◆ WHAT IS REQUIRED
What you return must be exactly the lines from the beginning of the material through the line containing "Ovo prekrasno imanje", both included, and no pictures.

◆ SUPPLIED INFORMATION
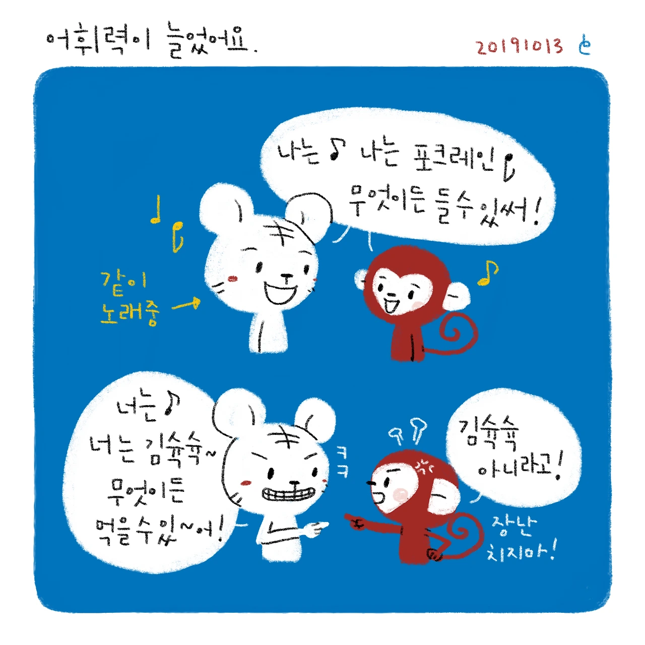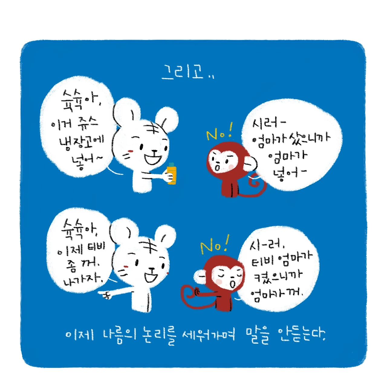 얼마 전까지만 해도 말 몇마디 하는 것도 신기했는데, 이 어휘력 무엇..?이제 진짜 말조심해야하겠다고 느낀다..-#블루챔버 #bluechamber #그림일기 #육아일기 #일상툰 #남매맘 #애둘맘 #36개월어린이 #어휘력이늘었어요
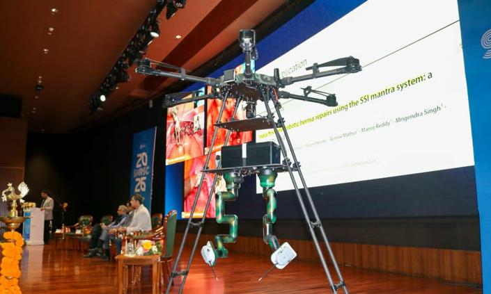 Desarrollado por la empresa SS Innovations, el robot denominado SSi Vimana Aero cuenta con brazos robóticos de alta precisión capaces de replicar movimientos humanos. Equipado con herramientas quirúrgicas, el dron puede estabilizar a un paciente, controlar hemorragias e incluso realizar suturas bajo el mando remoto de un cirujano.
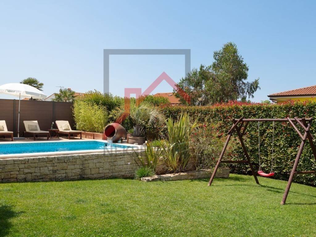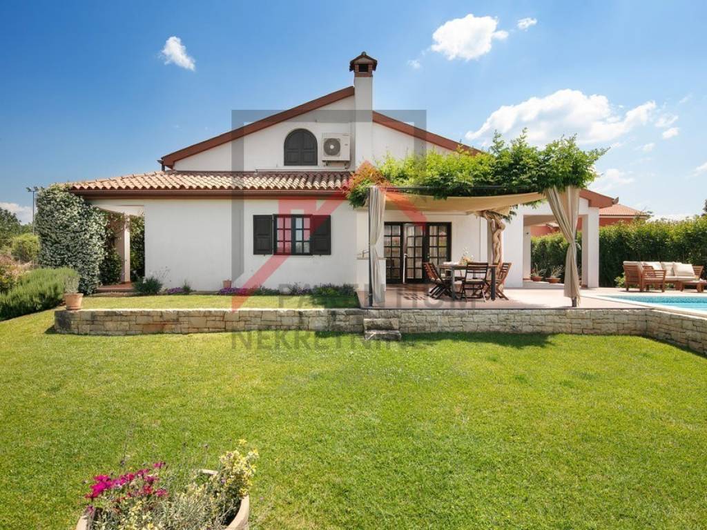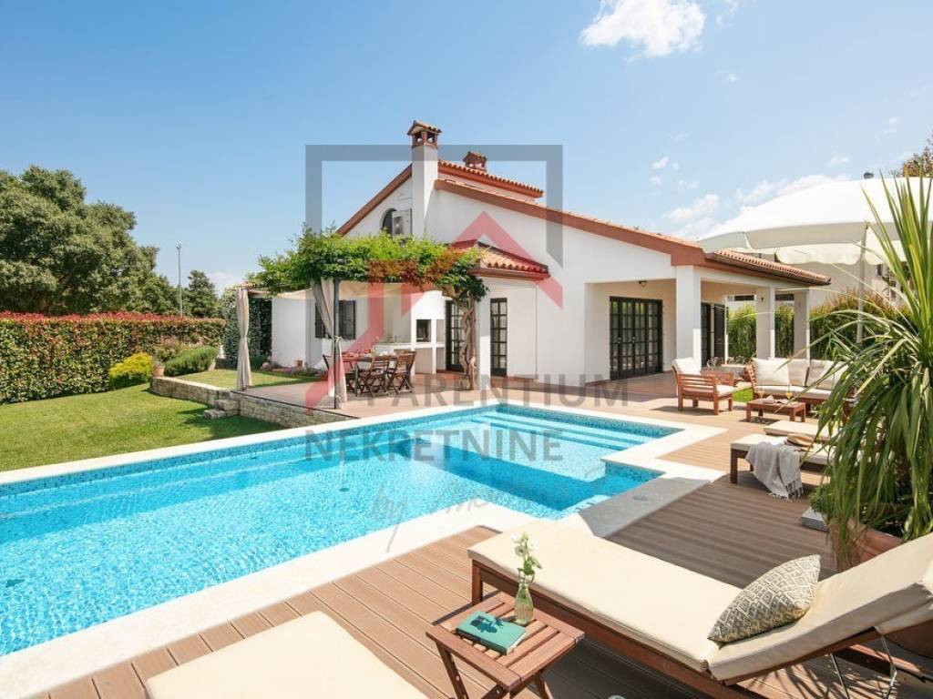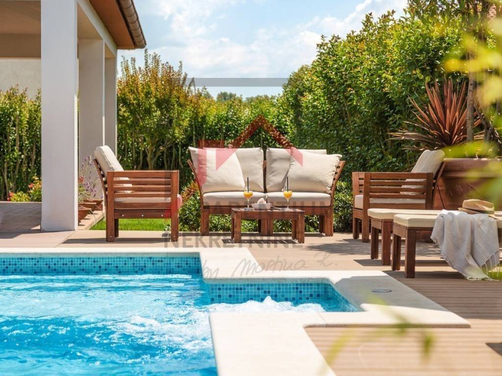 Ovo prekrasno imanje u neposrednoj blizini Poreča nudi savršen spoj luksuza, privatnosti i udobnosti, smješteno na prostranom zemljištu od 780 m s pažljivo uređenom okućnicom. Uživajte u vlastitom bazenu, prostranom sunčalištu i ljetnoj kuhinji, dok natkrivena terasa koja okružuje kuću pruža idiličan prostor za opuštanje i druženje na otvorenom.
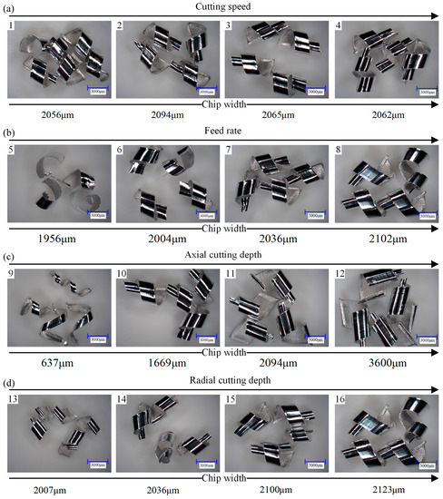 The influence of the radial cutting depth, axial cutting depth, feed volume, and cutting speed on the chip is successively reduced. The ZL205A aluminum alloy will generate continuous chips under the cutting parameters of the test design. Even if the cutting speed increases, the macroscopic change in the chips is not obvious (Figure 3a). Increasing the feed (Figure 3b) and cutting depth (Figure 3c,d) will increase the cutting speed in the unit and the removal amount. As a result, the extension length of the chip in the cutting area increases so the chip length becomes longer, and the length deformation coefficient lessens (Figure 3b). When the axial cutting depth increases, it causes greater cutting force and cutting heat, which will affect the cutting force distribution and chip formation mode in the cutting area.

◆ YOUR SOLUTION
 얼마 전까지만 해도 말 몇마디 하는 것도 신기했는데, 이 어휘력 무엇..?이제 진짜 말조심해야하겠다고 느낀다..-#블루챔버 #bluechamber #그림일기 #육아일기 #일상툰 #남매맘 #애둘맘 #36개월어린이 #어휘력이늘었어요
 Desarrollado por la empresa SS Innovations, el robot denominado SSi Vimana Aero cuenta con brazos robóticos de alta precisión capaces de replicar movimientos humanos. Equipado con herramientas quirúrgicas, el dron puede estabilizar a un paciente, controlar hemorragias e incluso realizar suturas bajo el mando remoto de un cirujano.
 Ovo prekrasno imanje u neposrednoj blizini Poreča nudi savršen spoj luksuza, privatnosti i udobnosti, smješteno na prostranom zemljištu od 780 m s pažljivo uređenom okućnicom. Uživajte u vlastitom bazenu, prostranom sunčalištu i ljetnoj kuhinji, dok natkrivena terasa koja okružuje kuću pruža idiličan prostor za opuštanje i druženje na otvorenom.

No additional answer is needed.